Job Summary:
Responsible for supervising manufacturing operations in a 24 hour shift based manufacturing plant. Assigns and deploys shift leads to meet operational goals which include driving process excellence, process improvement, reducing variation in production processes and resource utilization to efficiently meet or exceed the production schedule. Directly responsible for managing operations floor, data review and trending to drive process improvement, coordinating all support activities while driving plant efficiency, fulfilling corporate and functional objectives and developing a team with a focus on excellence and continuous improvement as a core competency and culture within a multi country regulated pharmaceutical manufacturing environment.
Job Responsibilities:
- Supervise Manufacturing and Packaging departments in achieving expected levels of safety, quality, productivity, cost and customer service over two manufacturing plant locations.
- Identify performance gaps, and develop and implement appropriate corrective actions.
- Develop, implement and manage continuous improvement plans (Lean) within the function in support of the company's overall objectives and goals for growth, opex, profitability, productivity, reliability, labor utilization, product quality and GMP compliance
- Manage the timely introduction and technical transfer of new products into the commercial environment
- Work with customers and internal functions to effectively transfer and validate new or revised manufacturing/packaging processes and technologies
- Ensure that production schedules meet both internal and external customer service commitments
- Participate in the development of the necessary metrics and key performance indicators to monitor and ensure actions are taken to achieve or exceed the goals and objectives
- Manage functional assets and overall capacity needs effectively and economically
- Identify and correct constraints
- Provide direct supervision and coaching of staff
- Conduct annual performance reviews of staff ensuring the performance management process is strictly adhered to
- Participate in budget review in accordance with organizational strategies and goals
- Review staffing, capital and expense budget items on a continuous basis to ensure cost effective and GMP compliant operations
- Ensure that the workplace is maintained in a GMP-compliant and safe operating condition and that all colleagues are following all required policies and procedures
- Ensure the efficient and economical utilization of all labor resources and equipment assets
- Ensure that daily operating results are reported and communicated to the operations colleagues through daily shift communication/exchange meetings and that gaps are identified and action is taken
- Complete all manufacturing processes and documentation (batch records) with "right the first time" in being accurately documented and reviewed on time
- Ensure that SOPs/WIs are developed, maintained and revisions are completed and approved within expected time lines
- Ensure all Production related Events are complete and have effective and timely CAPA implementations and follow-up is done accurately and on a timely basis partnering with Quality and the Investigation Manager
- Review and approve manufacturing labor reports for commercial production to ensure cost-effective operations
- Support the development of new or revised manufacturing instructions and ensure that manufacturing master batch records are approved and maintained current
- Manage operations training, colleague relations and company policies, including scorecard program, recruitment and hiring, performance appraisals, salary review and progressive discipline
- Responsible for meeting production goals and personal objectives
- Responsible for directing shift leads in shift schedule to include: work assignments, colleague training, colleague vacations, colleague breaks, overtime assignment, back-up for absent colleagues, etc
- Partners with QA, Maintenance, Engineering, and QC to accomplish site objectives.

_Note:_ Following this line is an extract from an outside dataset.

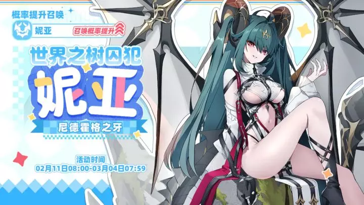 「世界之树囚犯」 概率提升召唤现已开启!恶魔型精灵「妮亚」 召唤概率提升 ! ▶▶召唤开放时间◀◀ 2026/02/11(周三)08:00~2026/03/04…

- Other duties as assigned.
Job Qualifications:
- Bachelor's Degree or Associates degree in scientific field preferred
- 3+ years leading, managing or supervising direct reports in a manufacturing environment (regulated manufacturing experience in pharmaceutical, food, or medical device strongly preferred)
- Proven leadership and management skills
- Must be detailed oriented
- Self-starter with good time management skills
- Diplomatic problem solving skills
- Strong organizational and communication skills
- Must be able to multi-task and prioritize workloads effectively
- Have a collaborative management style
- Statistical Process Analytics including spread sheet and data base applications.
- Experienced in problem solving techniques
- Opex experience including Lean Manufacturing or Six Sigma
- Technical writing
- Able to thrive and adapt in a dynamic environment
The above statements are intended to describe the general nature and level of the work being performed by colleagues assigned to this position. This is not intended to be an exhaustive list of all responsibilities, duties, and skills required. Aquestive reserves the right to make changes to the job description whenever necessary.
As part of Aquestive's employment process, final candidate will be required to complete a drug test and background check prior to employment commencing. Please Note: Aquestive is a drug-free workplace and has a drug free workplace policy in place.
Aquestive provides equal employment opportunities to all colleagues and applicants for employment and prohibits discrimination and harassment of any type without regard to race, color, religion, age, sex, national origin, disability status, genetics, protected veteran status, sexual orientation, gender identity or expression, or any other characteristic protected by federal, state or local laws.